17.1 Evaporation from surface water
The total evaporation volume from surface water during the 2011–12 year is recorded as 20,097 ML. The evaporation from each of the storages listed in line item 1.1 Storages and line item 1.4 Lakes and wetlands can be seen in the following table.
|Water storage type||Water storage name||Evaporation (ML)|
|Lakes2||Lake Burley Griffin||6,330|
1 Evaporation calculated using dynamic surface area
2 Evaporation calculated using static surface area.
The Bureau of Meteorology (The Bureau): National Climate Centre (NCC) daily climate grids (rainfall, temperature and solar radiation); Australian Hydrological Geospatial Fabric (AHGF) waterbody feature class, Australian Water Resources Information System (AWRIS) water storage.

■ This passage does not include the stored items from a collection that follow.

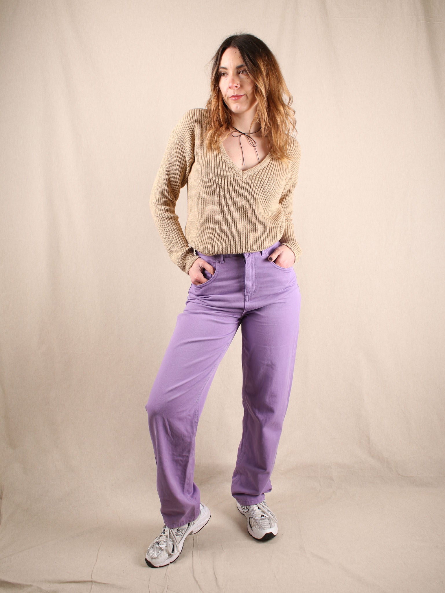 Diese Preloved Jeans von Reclaimed Vintage bringt mit ihrem satten Lilaton echte 70s-Vibes in deine Garderobe. Gefertigt aus hochwertiger Baumwolle, sorgt sie für ein angenehmes Tragegefühl und einen entspannten Fit. Kombiniere sie mit neutralen Tönen für einen cleanen Look oder setze auf Color Blocking – ein echtes Must-have für Fashion-Lover!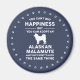 Você não pode comprar felicidade, mas pode adotar um Malamute do Alasca e isso é bonito muito a mesma coisa em letras brancas maiúsculas sans serif com a silhueta de uma raça de cães do tipo Malamute do Alasca. Enquadrado com um círculo de pegadas. Enquadrado em um círculo de pegadas.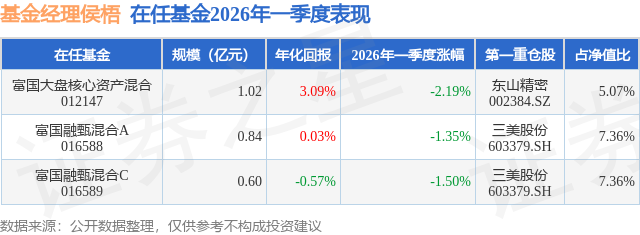 证券之星消息,日前富国大盘核心资产混合基金公布一季报,2026年一季度最新规模1.02亿元,季度净值涨幅为-2.19%。

The potential evaporation estimate produced by the Australian Water Resources Assessment system Landscape model (AWRA-L) version 2.0.0 (Van Dijk 2010) was used to calculate evaporation from the surface water store. The AWRA-L model uses a modified version of the Penman-Monteith method to produce the potential evaporation. Daily AWRA-L potential evaporation grids were produced based on daily gridded climate data that were available on a 0.05 degree (approximately 5 km) national grid.
Potential evaporation was an estimate of the evaporative demand of the environment. The daily gridded climate datasets used to produce this estimate were generated by the Bureau and include downward solar irradiance, and maximum and minimum air temperature. The methods used to generate these gridded datasets are outlined in Jones et al. (2007).

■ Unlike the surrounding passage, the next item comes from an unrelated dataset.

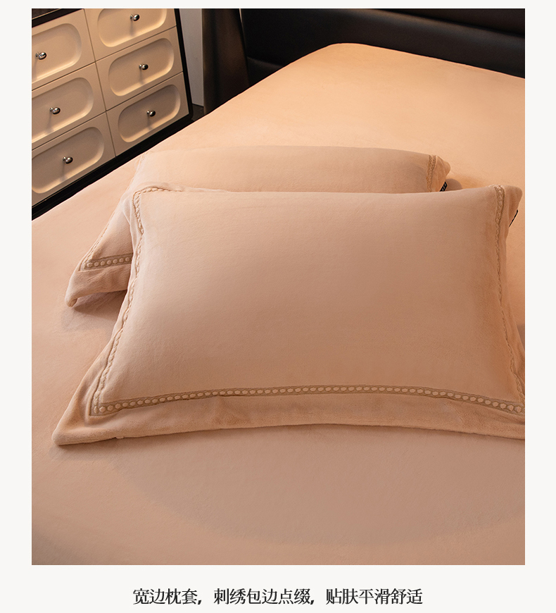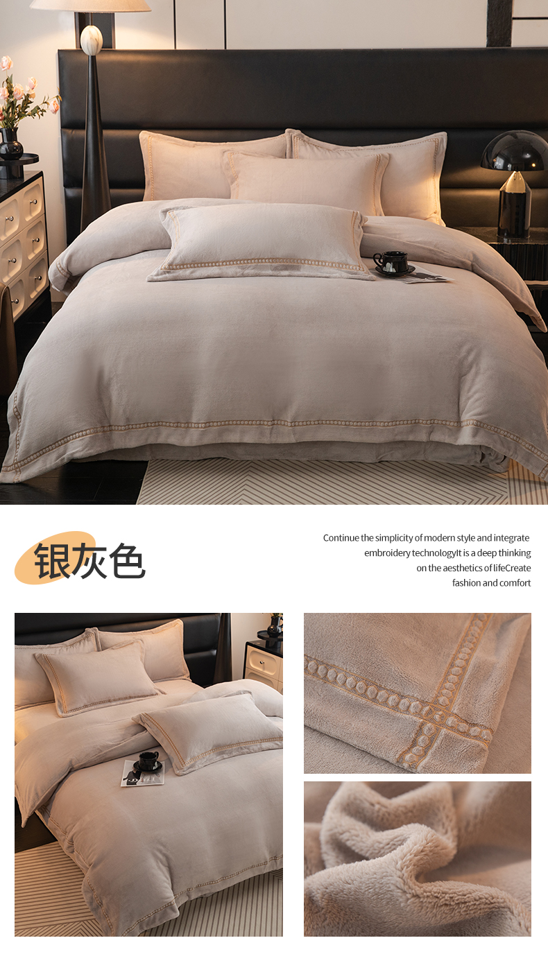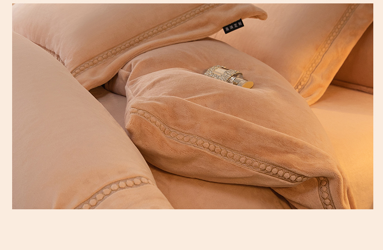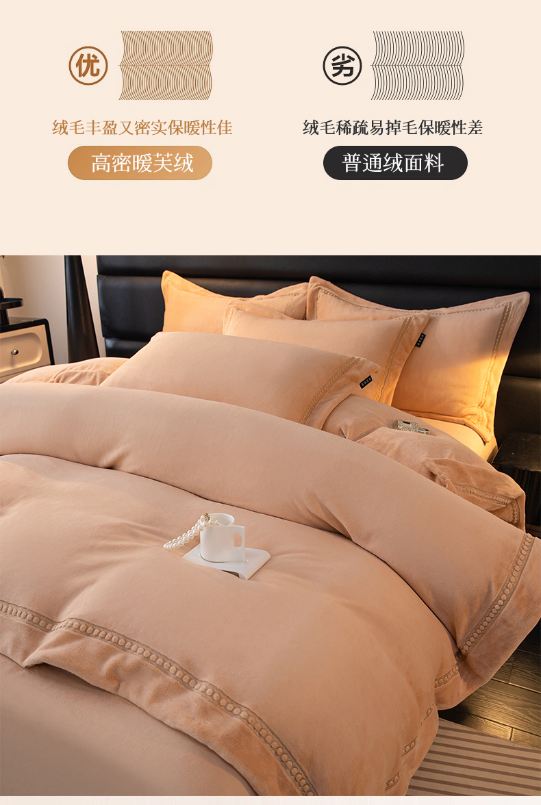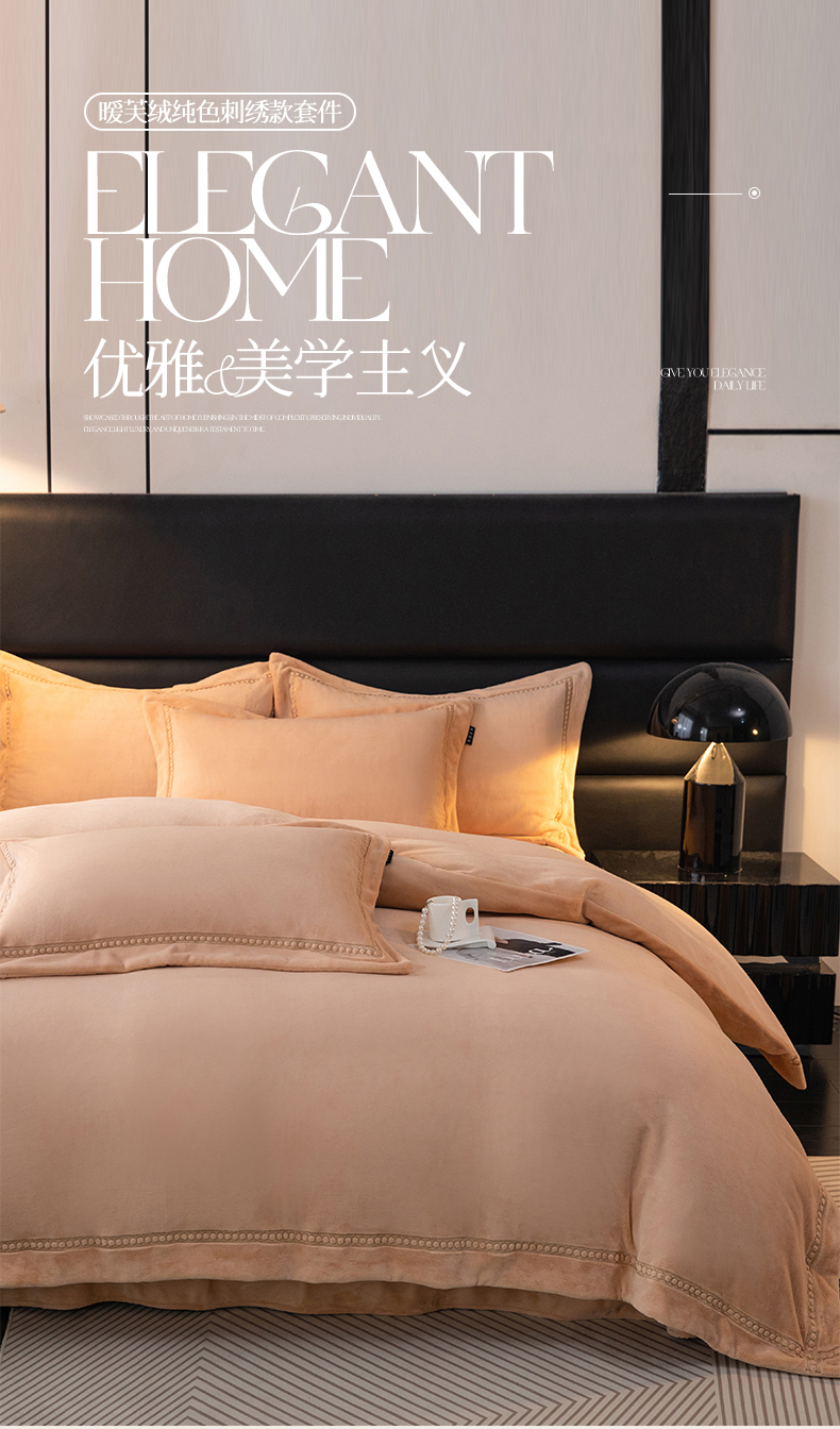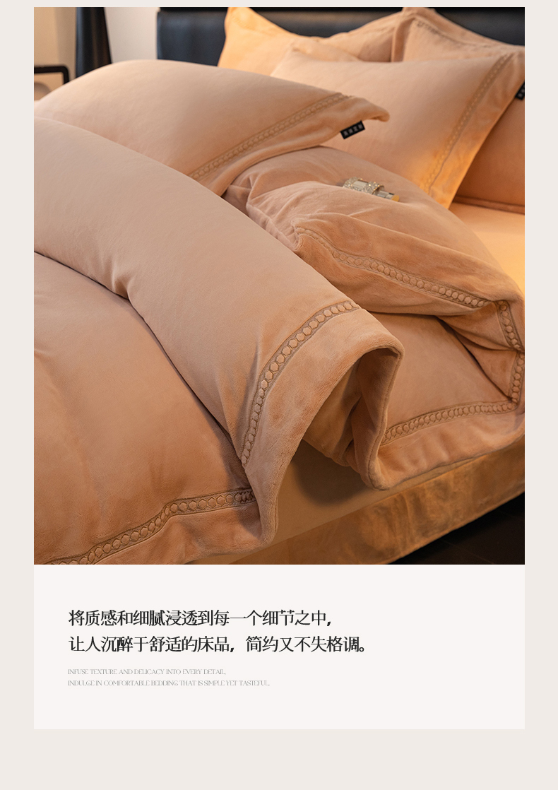 商品名称:暖洋家纺 2025新款暖芙绒纯色刺绣款套件四件套 香槟色

The evaporation from each waterbody was estimated from the proportionally weighted average of grid-cells that intersected each water feature. The volume was then estimated using the surface area of each waterbody. The surface area varied dynamically with changing storage level for storages where the relationship between storage level and surface area had been derived. The average monthly surface area of the major storages was calculated from daily storage levels and capacity tables. In the Canberra region, the surface area of the four storages was calculated dynamically and the surface area of the three urban lakes was a static value produced from the AHGF.
Assumptions, limitations, caveats and approximations
- The AWRA-L potential evaporation estimates are subject to approximations associated with interpolating the observation point input data to a national grid as described in Jones et al. (2007).

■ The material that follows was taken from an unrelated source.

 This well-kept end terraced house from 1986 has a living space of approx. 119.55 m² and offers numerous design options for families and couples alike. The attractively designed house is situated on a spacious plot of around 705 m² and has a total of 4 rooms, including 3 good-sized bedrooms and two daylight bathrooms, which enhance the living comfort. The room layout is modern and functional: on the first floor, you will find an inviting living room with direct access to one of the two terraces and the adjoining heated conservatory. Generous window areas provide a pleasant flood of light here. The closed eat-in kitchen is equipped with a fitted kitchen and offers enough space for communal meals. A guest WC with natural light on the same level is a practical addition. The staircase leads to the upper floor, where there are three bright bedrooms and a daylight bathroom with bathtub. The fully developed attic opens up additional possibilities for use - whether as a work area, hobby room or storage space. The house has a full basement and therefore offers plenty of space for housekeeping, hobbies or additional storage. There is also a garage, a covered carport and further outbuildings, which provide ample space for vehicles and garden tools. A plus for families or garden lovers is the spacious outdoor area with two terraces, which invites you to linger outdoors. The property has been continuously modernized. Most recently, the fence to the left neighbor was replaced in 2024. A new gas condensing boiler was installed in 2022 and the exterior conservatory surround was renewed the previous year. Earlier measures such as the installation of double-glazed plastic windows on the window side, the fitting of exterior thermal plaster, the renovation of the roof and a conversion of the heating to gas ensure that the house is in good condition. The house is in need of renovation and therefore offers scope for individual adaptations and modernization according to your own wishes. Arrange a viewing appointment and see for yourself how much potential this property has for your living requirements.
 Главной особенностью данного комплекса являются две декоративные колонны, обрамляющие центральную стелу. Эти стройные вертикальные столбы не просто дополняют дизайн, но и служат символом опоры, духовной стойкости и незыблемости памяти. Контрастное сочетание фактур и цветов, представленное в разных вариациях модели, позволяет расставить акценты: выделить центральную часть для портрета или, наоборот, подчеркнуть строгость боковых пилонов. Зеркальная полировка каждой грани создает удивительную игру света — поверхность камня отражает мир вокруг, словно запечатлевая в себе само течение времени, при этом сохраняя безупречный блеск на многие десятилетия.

- The dynamic storage surface areas calculated from the levels and storage rating tables represent a monthly average and therefore will not capture changes that occur on a shorter timescale.
- The total surface area of the surface water store within the Canberra region included only the reservoirs and urban lakes (not the river channels).
- The use of the static default AHGF surface area is an approximation only. It represents the lakes at capacity and therefore likely results in an overestimation of precipitation on the lakes.
The uncertainty estimate was not quantified.
In the 2011 Account, the Bureau used the Priestly and Taylor method to estimate potential evaporation. In 2012, the Bureau applied AWRA-L version 2.0.0 (Van Dijk 2010) which uses a modified version of the Penman-Monteith method to produce the potential evaporation. The Bureau recalculated the 2011 volume with the new method. Consequently, the volume has been restated from 21,689 ML (as published in the 2011 Account) to 18,982 ML.